Yüzyıllardır kusursuz şekilde işleyen düzeniyle doğanın bizim bugün yeni keşfettiğimiz birçok şeyi zaten kullandığını, Uzun zamandır çözümünü aradığımız sorunu da çoktan çözdüğünü görmek büyüleyici. İşte kimi zaman tesadüfen kimi zaman da uzun araştırmalarla doğanın bu mucizeleri ilham olarak yaşamımıza bir şekilde taşınıyor.
Bu gün artık doğanın sahip olduğu zenginlikleri ve sırları inceleyen bir bilim dalı var.
Adı da Biyomimikri.
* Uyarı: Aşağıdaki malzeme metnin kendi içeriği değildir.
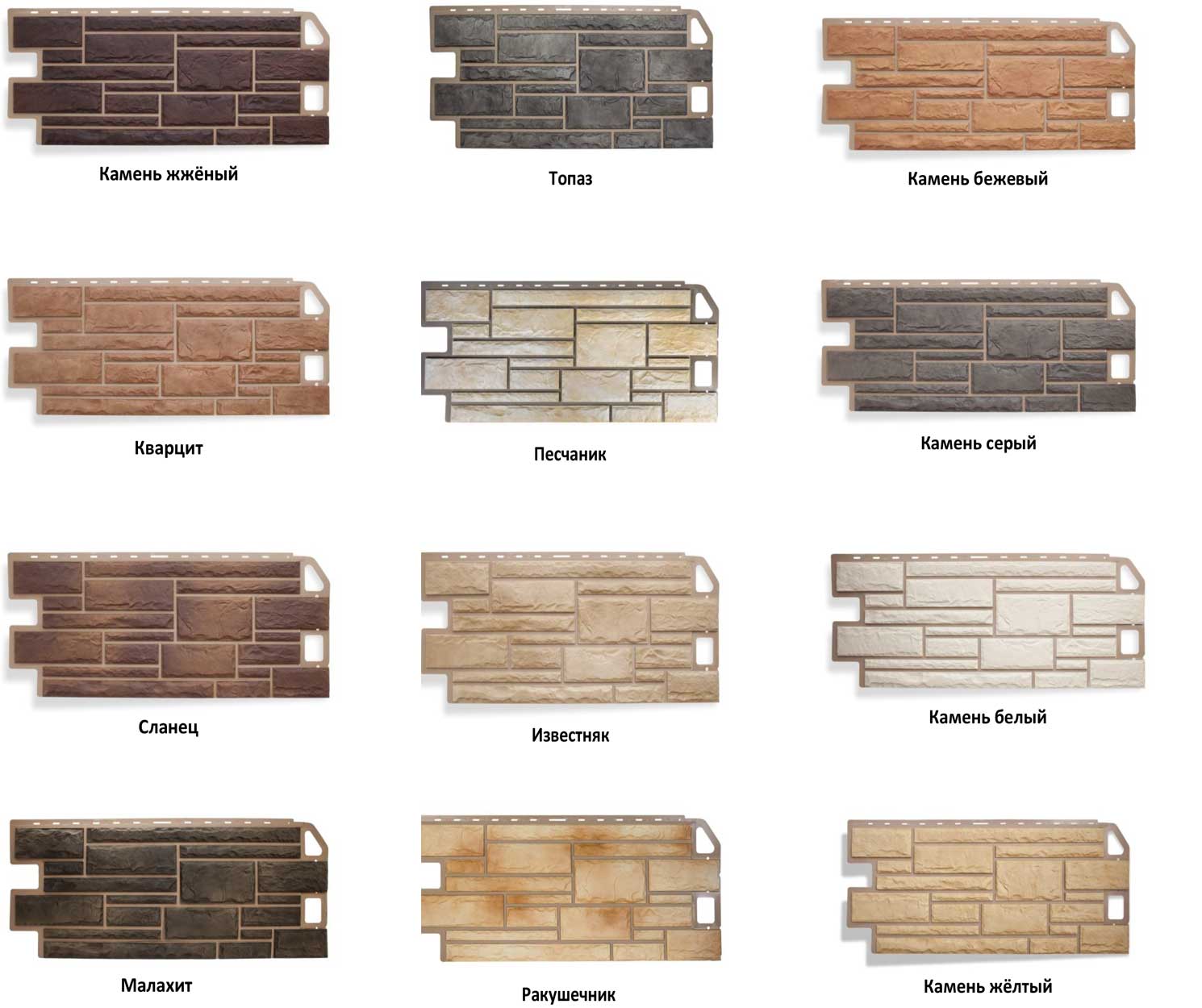 Панели КАМЕНЬ представлены в 12 оттенках, которые идеально сочетаются между собой:

Biyo-yaşam ve mimikri –benzetim şeklinde iki kelimeden oluşan bu isme belki aşina olanlarınız vardır. Ancak henüz yaygın bir kullanımı olmayan Biyomimikri; insanların doğadan ilham alarak ya da taklit ederek yeni ürünler, tasarımlar, sistemler üretmesi. Sizin de farkına vardığınız gibi bu yeni bir durum değil aksine insanlık tarihi kadar eski. Zamanında birçok dahi beyin karşılaştıkları güçlükler için doğadan ilham almışlar. Doğadan aldıkları ilhamı tasarımlarda buluşlarda kullanılmış. Aslına sadece yeni olan Biyomimikri konusunda makale, kitap yazılması ve hatta eğitimlere başlanmasıdır.
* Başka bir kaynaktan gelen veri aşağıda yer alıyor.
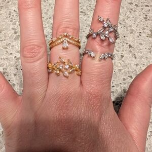 These 4 exquisite rings feature a delicate leaf design, available in both gold and silver tones. Perfect for adding a touch of elegance to any outfit. 3 are adjustable sizes, one size 6.

Biyomimikri’ye çok eskilerden örnek vermek gerekirse Leonardo da Vinci ve Wright Kardeşlerden bahsedebiliriz. Leonardo da Vinci nin kuşların nasıl uçtuklarını inceleyerek geliştirdiği ürüne Wright Kardeşler motor takarak bugün kullandığımız uçakların atasını yapmışlar. Uçakların rahat bir kalkış yapmaları için kuşların aerodinamik hareketleri ve kanatları taklit edilmektedir. Günümüzde İleri teknolojide üretilen uçaklara bakıldığında bile ürettiğimiz uçaklar son derece karmaşık hareket kontrolü olan kuşların yanında basit birer taklit olarak kalmaktadır.
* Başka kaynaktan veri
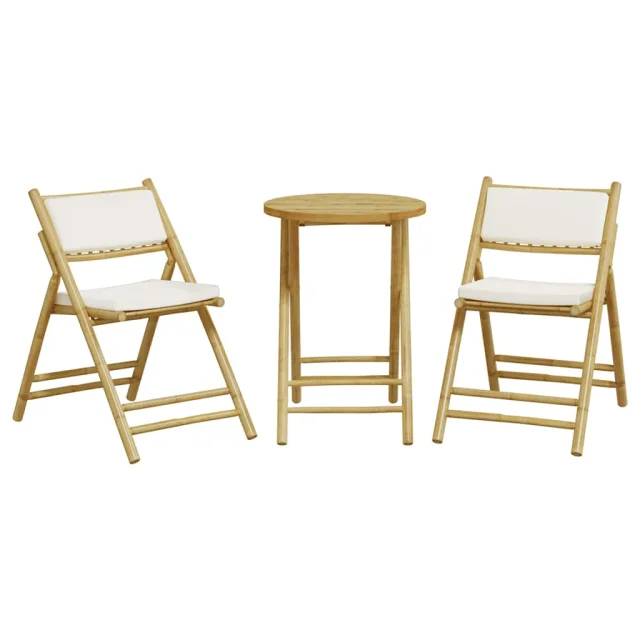 vidaXL Zložljiva bistro garnitura 3 kosi kremno bele blazine bambus

Daha farklı bir örnek, bir balıkçıl olan yalıçapkını kuşundan. Küçük ama gayet hızlı ve etkili bir avcı olan bu kuş hızlı trene ilham olmuş. Japon JR West firmasının geliştirdiği dünyanın en hızlı giden yolcu treninin tünellerden çıkarken çok fazla ses çıkarması sorununa yalıçapkını kuşunu inceleyerek farklı bir çözüm buldular. Yalıçapkını kuşu suya dalış yaparken tıpkı trenin tünele girdiği zaman hava direnci nedeniyle ani değişiklikler yaşamasına benzer değişiklikler yaşar. Trenin burnu, ön farlar da dâhil olmak üzere tıpatıp yalıçapkını kuşunun gagası taklit edilerek tasarlandı. Trenin bu tasarımdan sonra tünellerden çıkarken yaşanan ses patlamasının önüne geçilebildi ve %10 daha hızlı gitmeye başladı. Aynı zamanda %30 oranında hava basıncı azaldı ve elektrik kullanımı %15 azaldı. İşte bu doğayı örnek alarak yapılan mükemmel bir uyarlamadır. Mimari alanda da doğadan esinlenme oldukça yaygın. Binalar, binalarda kullanılan sistemlerden içinde yer alan eşyaların tasarımına kadar çok geniş bir yelpazede doğanın esintilerini görmek mümkün.